- Venue: Alexander Stadium
- Dates: 6 August (first round) 7 August (final)
- Competitors: 53 from 12 nations
- Winning time: 42.41

Medalists
| gold medal | Asha Philip Imani-Lara Lansiquot Bianca Williams Daryll Neita Ashleigh Nelson | England |
| silver medal | Kemba Nelson Natalliah Whyte Remona Burchell Elaine Thompson-Herah *Roneisha McGregor | Jamaica |
| bronze medal | Ella Connolly Bree Masters Jacinta Beecher Naa Anang Mia Gross | Australia |

= Athletics at the 2022 Commonwealth Games – Women's 4 × 100 metres relay =

The women's 4 × 100 metres relay at the 2022 Commonwealth Games, as part of the athletics programme, is taking place at the Alexander Stadium on 6 August & 7 August 2022.

On 14 July 2023, it was confirmed that the Nigerian team had been disqualified for an anti-doping infringement.

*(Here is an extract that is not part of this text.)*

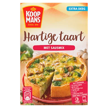 Met de Koopmans mix voor hartige taart maak je het direct gezellig in huis. Geniet van de brosse bodem en de zachte, hartige vulling. Wat ga jij toevoegen aan de hartige taart? De mogelijkheden zijn eindeloos. Kies je favoriete verse ingrediënten en maak elke keer een heerlijke creatie. Of je nu gaat voor kleurrijke groenten, smaakvol vlees, verse vis of verschillende soorten kaas, met de Koopmans mix voor hartige taart zet je iedere keer een heerlijke groentetaart of quiche op tafel. Perfect voor een doordeweekse maaltijd of een feestelijk diner.

As a result, England were promoted to gold, Jamaica to silver and Australia to bronze.

==Records==
Prior to this competition, the existing world and Games records were as follows:

| World record | United States (Tianna Madison, Allyson Felix, Bianca Knight, Carmelita Jeter) | 40.82 | London, United Kingdom | 10 August 2012 |
| Commonwealth record | Jamaica (Briana Williams, Elaine Thompson-Herah, Shelly-Ann Fraser-Pryce, Shericka Jackson) | 41.02 | Tokyo, Japan | 6 August 2021 |
| Games record | Jamaica (Kerron Stewart, Veronica Campbell-Brown, Schillonie Calvert, Shelly-Ann Fraser-Pryce) | 41.83 | Glasgow, Scotland | 2 August 2014 |

==Schedule==
The schedule was as follows:

| Date | Time | Round |
|---|---|---|
| Saturday 6 August 2022 | 12:15 | First round |
| Sunday 7 August 2022 | 12:54 | Final |

==Results==
===First round===
The first three in each heat (Q) and the next two fastest (q) qualified for the final.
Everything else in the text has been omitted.